1. **Stage 1** — Builds the React frontend with pnpm
2. **Stage 2** — Installs Python dependencies
3. **Stage 3** — Combines both into a slim Python 3.12 runtime serving the SPA + API on port 7860

`hf-space/main_hf.py` serves both the FastAPI backend and the static React build from a single process.

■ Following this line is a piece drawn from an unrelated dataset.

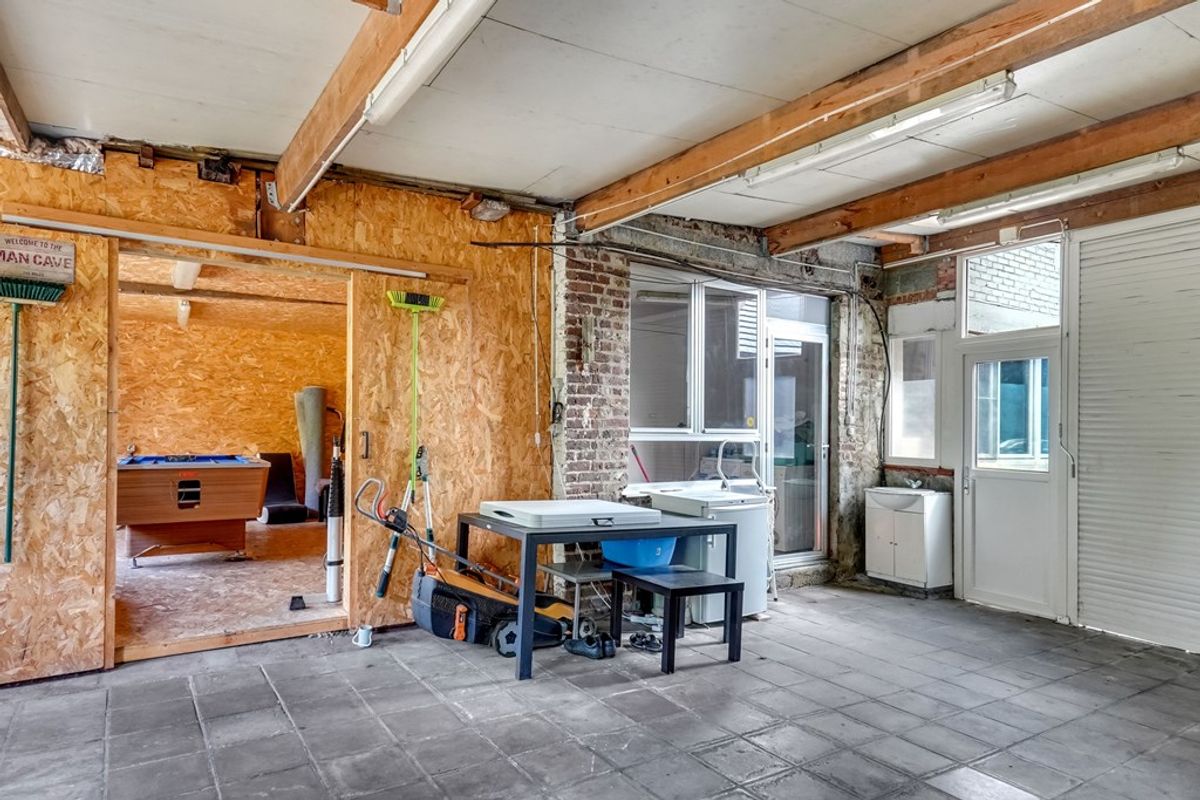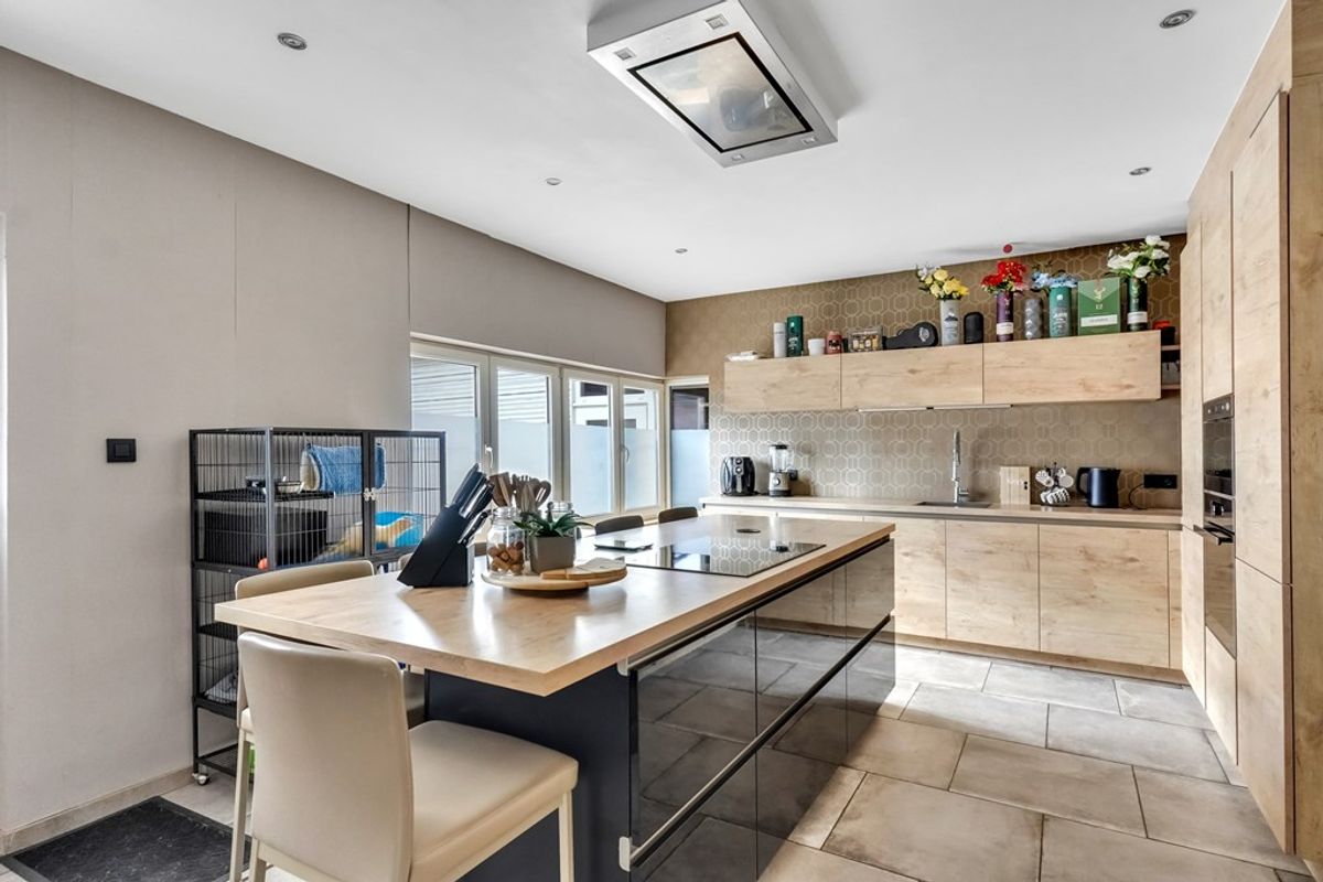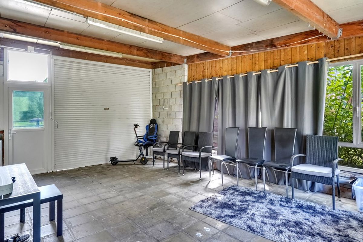 De woning beschikt over een praktische indeling met op het gelijkvloers de inkomhal, ruime woonkamer, inbouwkeuken, badkamer en een inpandige garage voor meerdere wagens.

**Live demo:** [0xbatuhan4-healthwithsevgi.hf.space](https://0xbatuhan4-healthwithsevgi.hf.space/)

---

## Branch Strategy

| Branch | Purpose |
|--------|---------|
| `main` | Production-ready, protected |
| `develop` | Integration branch for sprint work |
| `feature/US-XXX` | One branch per user story |

**Rules:**
- All changes go through Pull Requests (use the [PR template](.github/pull_request_template.md))
- PRs require at least 1 approval
- `main` and `develop` are protected — no direct pushes
- PR titles follow: `feat/fix/docs(US-XXX): description`

---

## Team

| Role | Name | Student ID |
|------|------|:----------:|
| Product Owner + Developer | Efe Çelik | 202128016 |
| UX Designer | Burak Aydoğmuş | 202128028 |
| Lead Developer + Scrum Master | Batuhan Bayazıt | 202228008 |
| Developer | Berat Mert Gökkaya | 202228019 |
| QA / Documentation Lead | Berfin Duru Alkan | 202228005 |

---

## Links

- **Live Demo:** [0xbatuhan4-healthwithsevgi.hf.space](https://0xbatuhan4-healthwithsevgi.hf.space/)
- **Jira Board:** [Jira](https://berfindurualkan.atlassian.net/jira/software/projects/SCRUM/boards/1/backlog)
- **Figma Designs:** [Figma](https://www.figma.com/design/1K1Dw8PC6P98NZAa30DzII/430-HealthWithSevgi?node-id=0-1)
- **GitHub Wiki:** [Wiki](../../wiki)
- **API Docs:** `http://localhost:8001/docs` (when running locally)

---

## License

Released under the [**MIT License**](LICENSE) — you are free to use, copy, modify, and distribute this software with attribution.

Developed as part of the **SENG 430 Software Quality Assurance** course at Cankaya University by the EudaLabs team.